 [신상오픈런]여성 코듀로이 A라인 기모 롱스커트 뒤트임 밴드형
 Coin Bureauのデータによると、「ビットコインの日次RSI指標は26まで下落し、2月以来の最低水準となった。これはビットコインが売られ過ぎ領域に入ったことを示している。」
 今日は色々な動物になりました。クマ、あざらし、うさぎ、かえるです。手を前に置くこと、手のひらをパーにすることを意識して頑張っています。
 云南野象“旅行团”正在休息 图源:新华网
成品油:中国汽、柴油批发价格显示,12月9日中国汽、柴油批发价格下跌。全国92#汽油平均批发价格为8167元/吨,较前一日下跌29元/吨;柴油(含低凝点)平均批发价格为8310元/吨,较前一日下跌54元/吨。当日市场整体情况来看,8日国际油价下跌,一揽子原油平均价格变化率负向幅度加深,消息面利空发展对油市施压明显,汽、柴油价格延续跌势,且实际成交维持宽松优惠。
===============
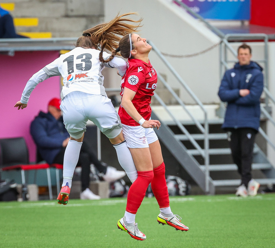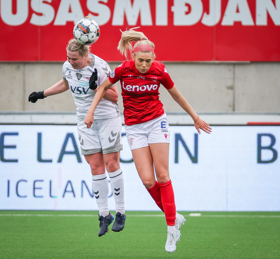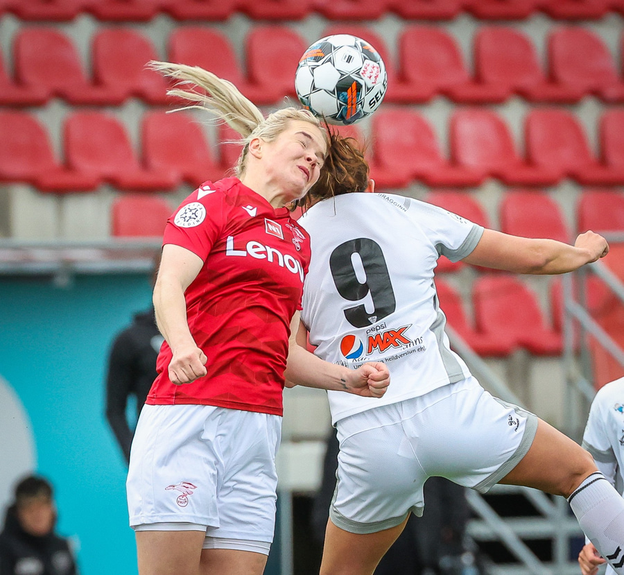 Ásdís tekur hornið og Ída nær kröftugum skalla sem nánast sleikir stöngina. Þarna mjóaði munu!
===============
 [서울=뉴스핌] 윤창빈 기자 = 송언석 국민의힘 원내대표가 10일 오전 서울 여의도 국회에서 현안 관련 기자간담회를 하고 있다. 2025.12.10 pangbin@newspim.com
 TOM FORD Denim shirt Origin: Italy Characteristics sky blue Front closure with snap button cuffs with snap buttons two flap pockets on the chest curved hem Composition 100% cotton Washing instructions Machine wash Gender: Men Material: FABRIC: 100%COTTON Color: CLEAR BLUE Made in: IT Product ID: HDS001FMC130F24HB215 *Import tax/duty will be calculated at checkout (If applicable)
===============
PROBLEM TO WORK ON:
Above are the records; print exactly the lines from the line with "[신상오픈런]여성 코듀로이 A라인 기모 롱스커트 뒤트임 밴드형" to the line with "成品油:中国汽、柴油批发价格", including both, and nothing else.

THE COMPLETED TASK:
 [신상오픈런]여성 코듀로이 A라인 기모 롱스커트 뒤트임 밴드형
 Coin Bureauのデータによると、「ビットコインの日次RSI指標は26まで下落し、2月以来の最低水準となった。これはビットコインが売られ過ぎ領域に入ったことを示している。」
 今日は色々な動物になりました。クマ、あざらし、うさぎ、かえるです。手を前に置くこと、手のひらをパーにすることを意識して頑張っています。
 云南野象“旅行团”正在休息 图源:新华网
成品油:中国汽、柴油批发价格显示,12月9日中国汽、柴油批发价格下跌。全国92#汽油平均批发价格为8167元/吨,较前一日下跌29元/吨;柴油(含低凝点)平均批发价格为8310元/吨,较前一日下跌54元/吨。当日市场整体情况来看,8日国际油价下跌,一揽子原油平均价格变化率负向幅度加深,消息面利空发展对油市施压明显,汽、柴油价格延续跌势,且实际成交维持宽松优惠。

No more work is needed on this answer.